I am a relative newbie to Jabber, having just came in after the 1.4.0
server release, but have been knee-deep in it ever since. I was
initially interested in Jabber both as a user to use AIM and ICQ at
once, and for my ideas for the future of online communications (which
are slowly becomming the [Crown (4)]).
I am running for both the Council primarily to make sure good ideas make
their way into the future of Jabber, and the Board to make sure Jabber
is seen with all the potential I know it has.
Background: I have little formal education, having dropped out of high
school and later received my GED. I also have no technical work
experience, having been employed only at fast food places and
restaurants. Thankfully that is looking up, with a contract sponsorship
from [Andre Durand (5)] to work on the open [PingID digital identity
platform (6)]. Three years ago, in my troubled youth, I committed a long
series of bad check and credit card fraud crimes, and went to county
jail for four months. Huh? What do you mean I'm supposed to say these
things for a political campaign...?
Contributions: Although I've only been with Jabber for a little over a
year, I've made it a huge part of my life, and come to know it like the
back of my hand. I use that knowledge to its fullest potential in many
* Protocol: I have become very involved with the development of the
protocol in both the user-friendliness and Internet infastructure areas
because I hate unnecessary complexity, preferring elegance in all things.

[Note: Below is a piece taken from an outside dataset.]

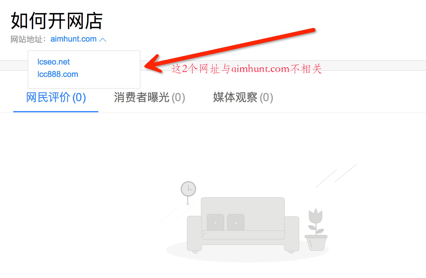 开网店运营百度口碑收录本小站时有个小错误。。。 2017 年 2 月 16 日2017 年 3 月 16 日 - by taylor 刚刚发现本网站 目标网 网址 http://www.aimhunt.com 被 百度口碑( koubei.baidu.com ) 收录了,但是却有点小问题,看图: 把其他的与本网站不相关的网址列在一起了,好像那两个网址也是本网站的一样。而实际上,完全不是。 对此,我只想谈谈地说句,百度口碑你是根据什么把不同网址列在一起当做同一个网站的?你不知道你已经搞错了吗?

o I have been working heavily in the protocol in an attempt to
make it more user-friendly with my [Jabber Icons spec (7)], and plan to
get into the File Transfer and User Avatar issues.
o I have been working to build my [Jabber Environments (8)] idea
by first making sure the Atomic Protocols are created. This has begun by
heavily [critiquing Disco (9)], and resulted in creating [my own PubSub
* Advocacy: I have also become very active in advocacy and promoting
Jabber to outside projects and developers because I no longer believe in
the "build it and they will come" philosophy, and the more minds working
with Jabber, the better it will become.
o I have so far successfully convinced the [DotGNU Project (11)]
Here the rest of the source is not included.